Wire the MPPT charge controller's battery terminals to the pack (through the BMS), and bring the solar input to an XT60 or MC4 panel-mount connector on the enclosure. Configure the MPPT for LiFePO4: 14.2 V absorption, 13.6 V float, no equalization. For wall charging, a 14.6 V / 10 A LiFePO4-specific power brick can plug into the same XT60.

Lay out hot, warm, and cold zones: battery on one side, inverter + heatsink in the middle (with the 80 mm fan pulling air across the fins and out a vent), control electronics on the cool side. Cut panel holes for the GFCI outlet, USB ports, solar input, voltmeter, and main power switch.
Use 8 AWG silicone wire for everything between battery, fuse, contactor, and inverter. Crimp lugs with a hydraulic crimper (not pliers) and heat-shrink every joint. Keep AC-side wiring physically separated from low-voltage signal wiring; cross at right angles where they must meet.

Before connecting the battery, do a continuity sanity check with a multimeter: no shorts from B+ to B−, no shorts from AC live to chassis.

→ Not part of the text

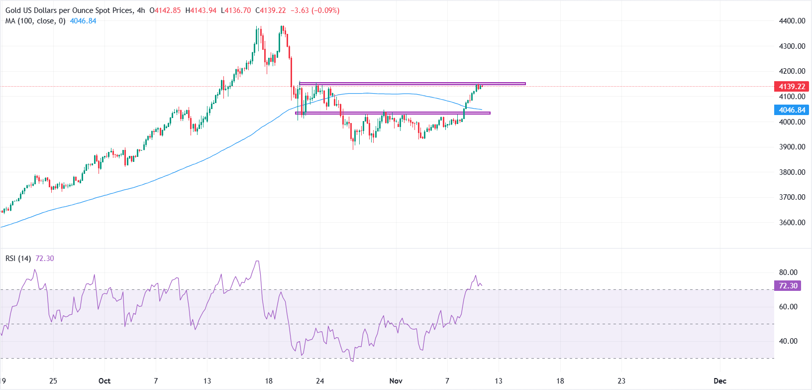 技术分析:黄金/美元在看涨突破后在4150美元下方盘整
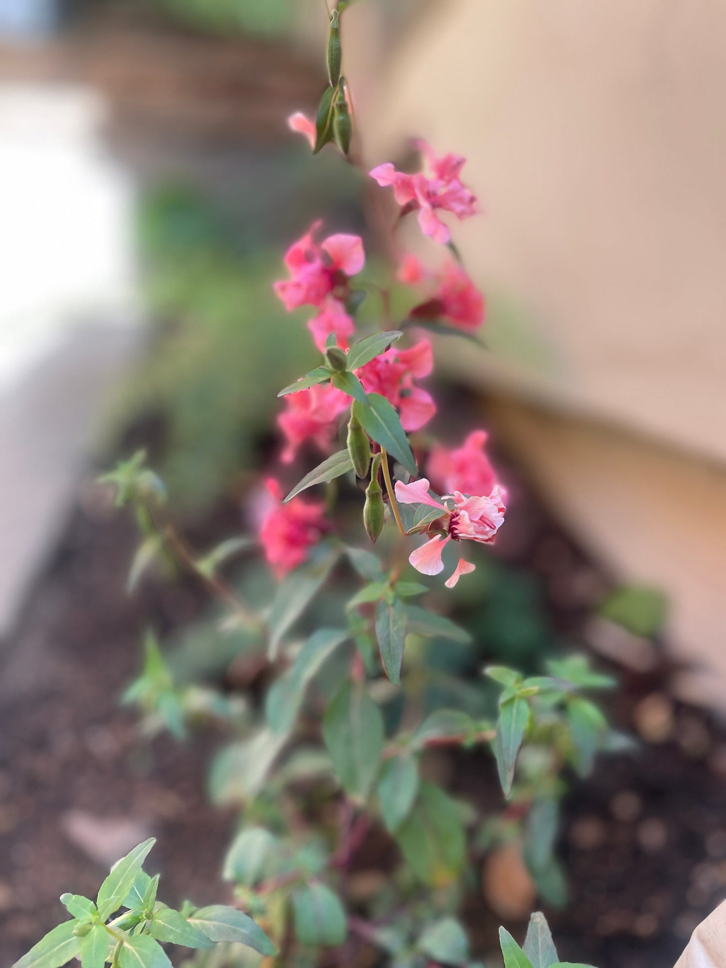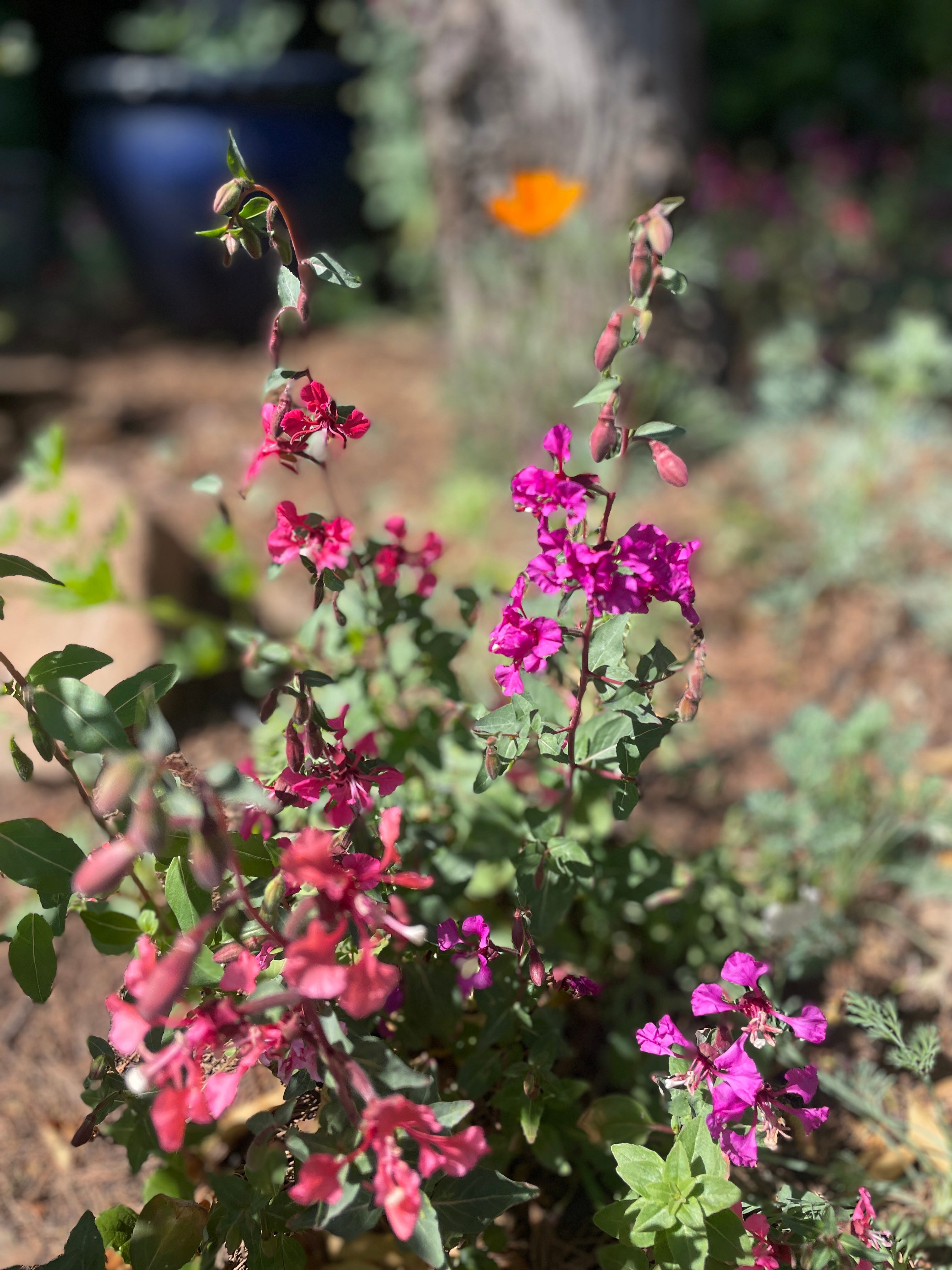 The wildflowers that have worked well in our part-sun, part-shade kitchen planters are elegant clarkia, tidy tips, and penstemon. (While not wildflowers, I’ve also included the herb yerba buena and sword ferns — not pictured.) Yes, I’m limiting their growth and spread, but if planters and pots are all you have to work with, it’s better than nothing. The pollinators you’ll be supporting will be grateful for whatever you can provide.

Then power the inverter from a current-limited bench supply at 12 V / 2 A. If the supply trips, you have a wiring fault — fix before connecting the real pack.
With a clean bring-up, scope the AC output: you should see a 60 Hz sine at ~170 V peak, 120 Vrms, with visible 20 kHz ripple on the rising edge that the LC filter mostly removes. Total harmonic distortion under load should measure below 5%. Test progressively: 25 W bulb → 100 W laptop charger → 300 W heat gun on low. Confirm the GFCI trips when you press its test button.

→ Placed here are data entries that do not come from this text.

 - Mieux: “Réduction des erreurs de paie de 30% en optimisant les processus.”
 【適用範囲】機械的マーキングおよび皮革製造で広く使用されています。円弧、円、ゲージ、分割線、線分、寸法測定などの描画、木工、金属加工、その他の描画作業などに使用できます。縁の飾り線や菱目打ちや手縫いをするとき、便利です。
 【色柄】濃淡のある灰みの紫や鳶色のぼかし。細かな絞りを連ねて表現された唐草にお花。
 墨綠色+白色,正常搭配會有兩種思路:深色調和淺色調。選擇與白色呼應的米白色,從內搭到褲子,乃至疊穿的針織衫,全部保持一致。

Trim the EGS002's output voltage pot for exactly 120 Vrms at half load. Verify the BMS cuts off at 2.5 V/cell discharge and 3.65 V/cell charge with a known load and charger. Label every external port, including a "DO NOT OPEN — LITHIUM" warning on the lid.

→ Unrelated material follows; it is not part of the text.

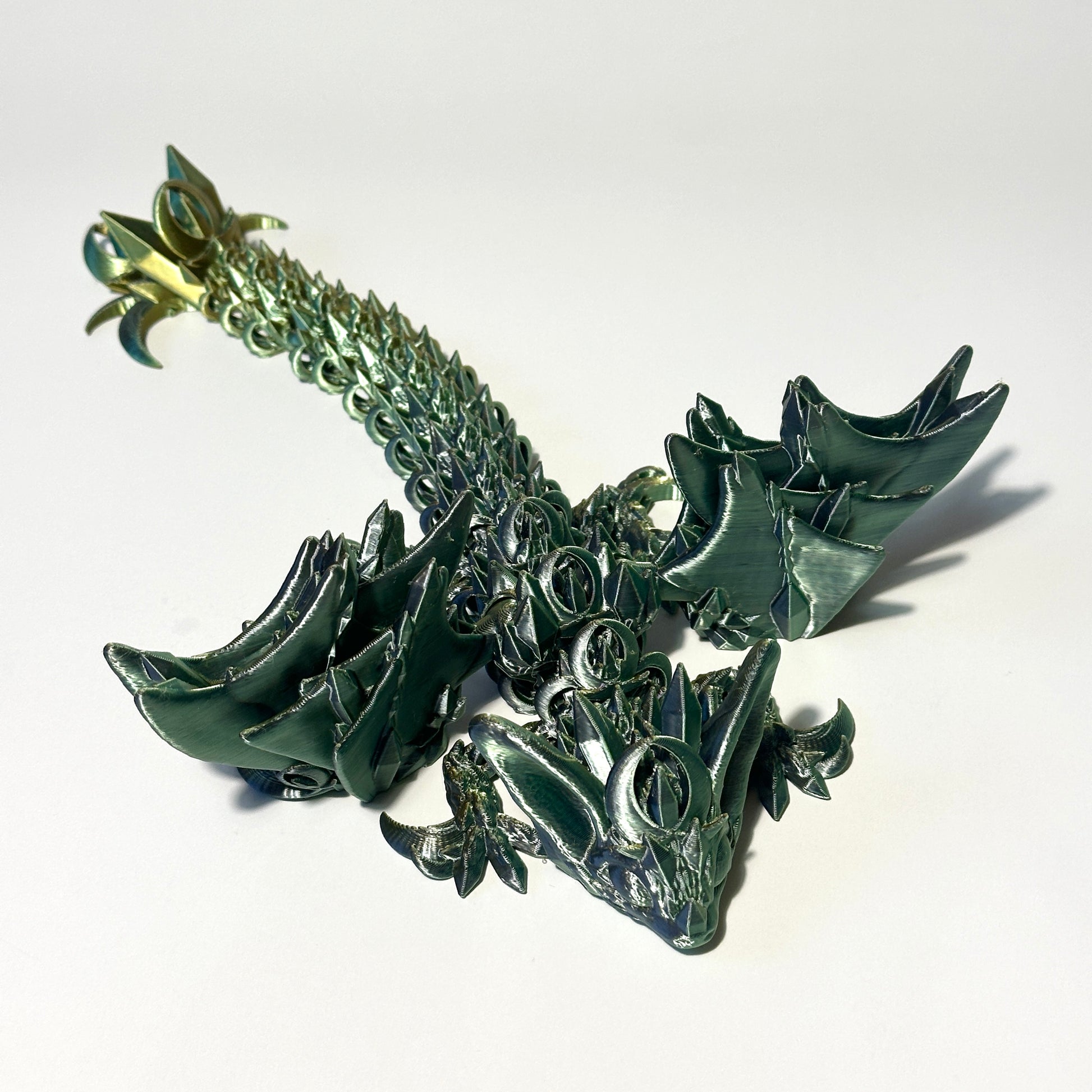 Crafted with Care: Our Baby Nightwing Dragon is printed in high-quality PLA, a biodegradable and eco-friendly material derived from renewable resources like corn starch. PLA is known for its durability and vibrant colors, making it an excellent choice for a stunning, long-lasting piece of art. The dragon's intricate details and smooth articulation showcase the precision of 3D printing, bringing this mythical creature to life in your hands.

Run a real-world cycle: drain it from full to BMS cutoff with a 200 W load while logging temperature; the heatsink should stabilize below 60 °C with the fan running. Recharge from solar and from wall, confirming the MPPT reaches absorption and tapers correctly. You now have a portable AC outlet that works exactly like the commercial all-in-one stations covered elsewhere on this site — except you understand every electron in it.